Si è svolto presso l’Aula Consiliare del Comune di Sarno (SA) l’incontro di presentazione del nuovo progetto promosso da Agro Solidale, dedicato al potenziamento dei servizi di assistenza scolastica specialistica per alunni con disabilità.
L’iniziativa ha visto la partecipazione di amministratori locali, dirigenti scolastici, famiglie e rappresentanti delle cooperative accreditate che da anni collaborano con il consorzio, confermando una rete di solidarietà e professionalità al servizio della comunità.

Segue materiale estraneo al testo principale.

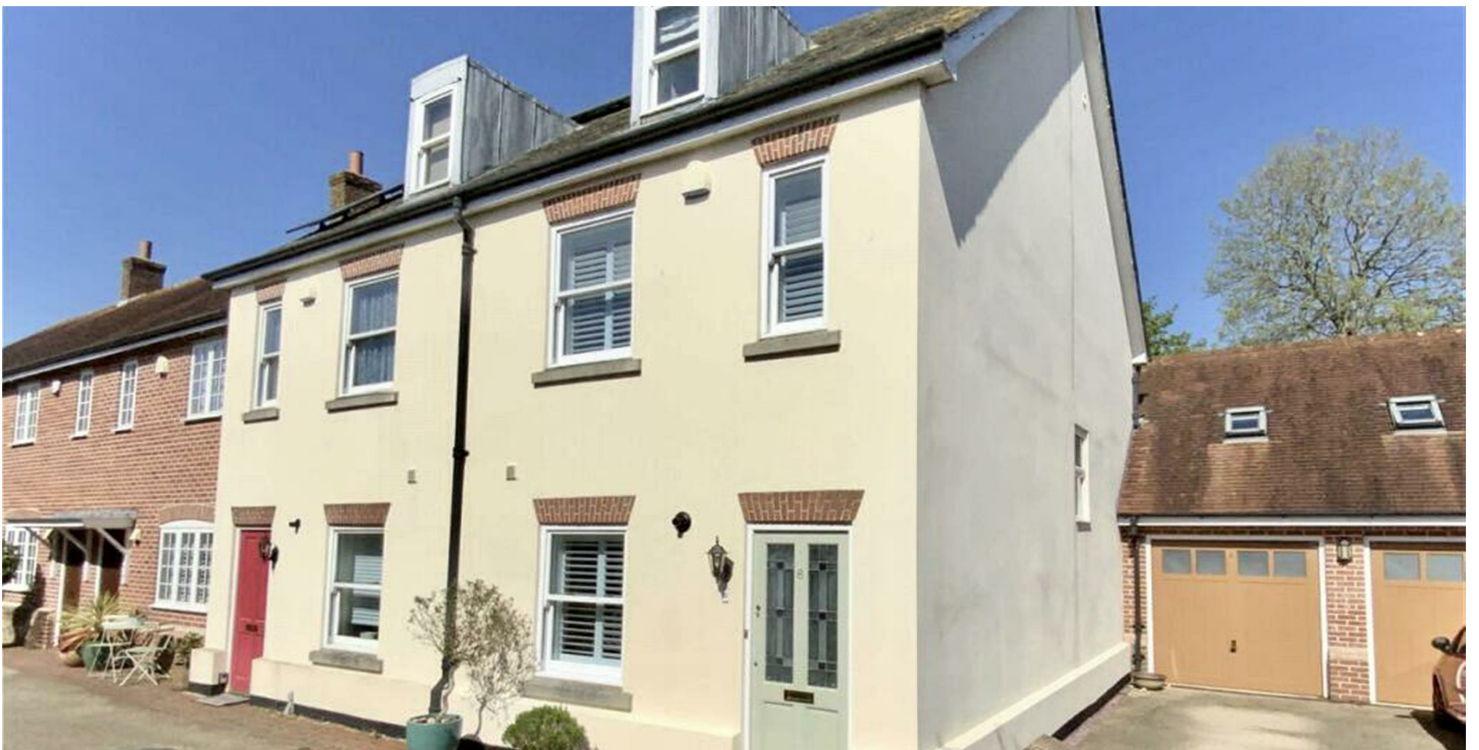
6 Tamlyn's Farm Mews, Purewell, BH23 1FD

Durante l’incontro sono state illustrate le realtà cooperative che, grazie all’accreditamento ad Agro Solidale, opereranno nel territorio sarnese a supporto delle scuole e delle famiglie beneficiarie.

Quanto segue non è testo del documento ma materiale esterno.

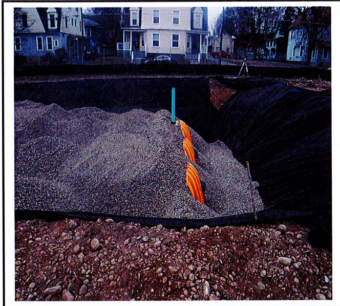
Underground stormwater chambers (north end). Observation port installed in isolation row.
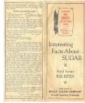
"Interesting Facts about Sugar" (2006.43.4)
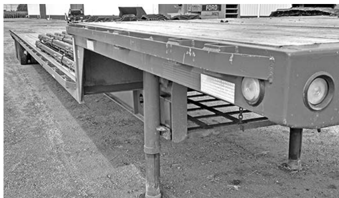
'98 Transcraft 51', new flooring, new paint, 17.5 tires, $17,500.
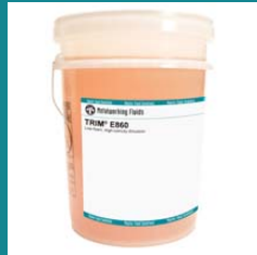
5-gallon pail SKU: E860-5G UPC-12: 641238081869
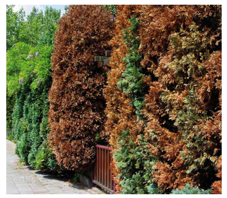
Hedge of Chamaecyparis with dead shrubs infested by the Japanese cypress bark beetle, Phloeosinus rudis. Heg van Chamaecyparis met dode struiken aangetast door de Japanse thujabastkever, Phloeosinus rudis.
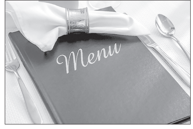
Picking a reception menu is a fun and filling component of wedding planning. Keeping some simple pointers in mind can help couples pick a menu everyone can enjoy.

Resist the urge to make the menu reflect your personal preference. Couples, particularly those footing the bill for their own weddings, may be tempted to pick exclusively foods they like for the reception. Though it's important that couples get to enjoy their first meal together after tying the knot, it's good to ensure that guests get to have an enjoyable meal as well. Resist any urge to let personal preferences dictate the menu, particularly if you have a restrictive diet. For example, vegans need not insist everyone eat a vegan meal at the reception nor should meat lovers insist that every plate end up with some red meat on it. Diversify the

L’obiettivo principale resta quello di garantire un percorso educativo inclusivo, fondato su competenza, empatia e continuità nell’assistenza.

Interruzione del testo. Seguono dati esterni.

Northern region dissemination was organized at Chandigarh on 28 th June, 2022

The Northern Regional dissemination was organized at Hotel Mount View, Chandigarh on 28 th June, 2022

Un’attenzione particolare è stata riservata ai ragazzi con disabilità, destinatari dei servizi di assistenza specialistica. Il personale coinvolto, composto da personale specializzato, tra cui operatori socio-sanitari (OSS) e esperti ABA, è stato individuato dalle istituzioni locali per la comprovata esperienza e la formazione specifica nel settore dell’inclusione scolastica.
Le figure professionali affiancheranno gli studenti per l’intero anno scolastico, in un lavoro sinergico con insegnanti, dirigenti e famiglie, al fine di promuovere il benessere dei ragazzi e sostenere il percorso formativo di ciascuno. Tale modello di collaborazione, fondato su un dialogo costante tra istituzioni, scuole e Agro Solidale, rappresenta un esempio virtuoso di come il territorio possa rispondere in maniera concreta ai bisogni educativi speciali.
Nel corso della presentazione, i referenti di Agro Solidale hanno ribadito il valore della rete sociale che unisce enti pubblici e cooperative accreditate, sottolineando come l’obiettivo non sia soltanto l’assistenza, ma la costruzione di un tessuto comunitario solidale, capace di garantire pari opportunità a ogni bambino.
L’incontro si è concluso con un messaggio condiviso da tutti i partecipanti: inclusione e cooperazione restano le parole chiave per un futuro in cui ogni studente possa sentirsi pienamente parte della comunità scolastica e sociale.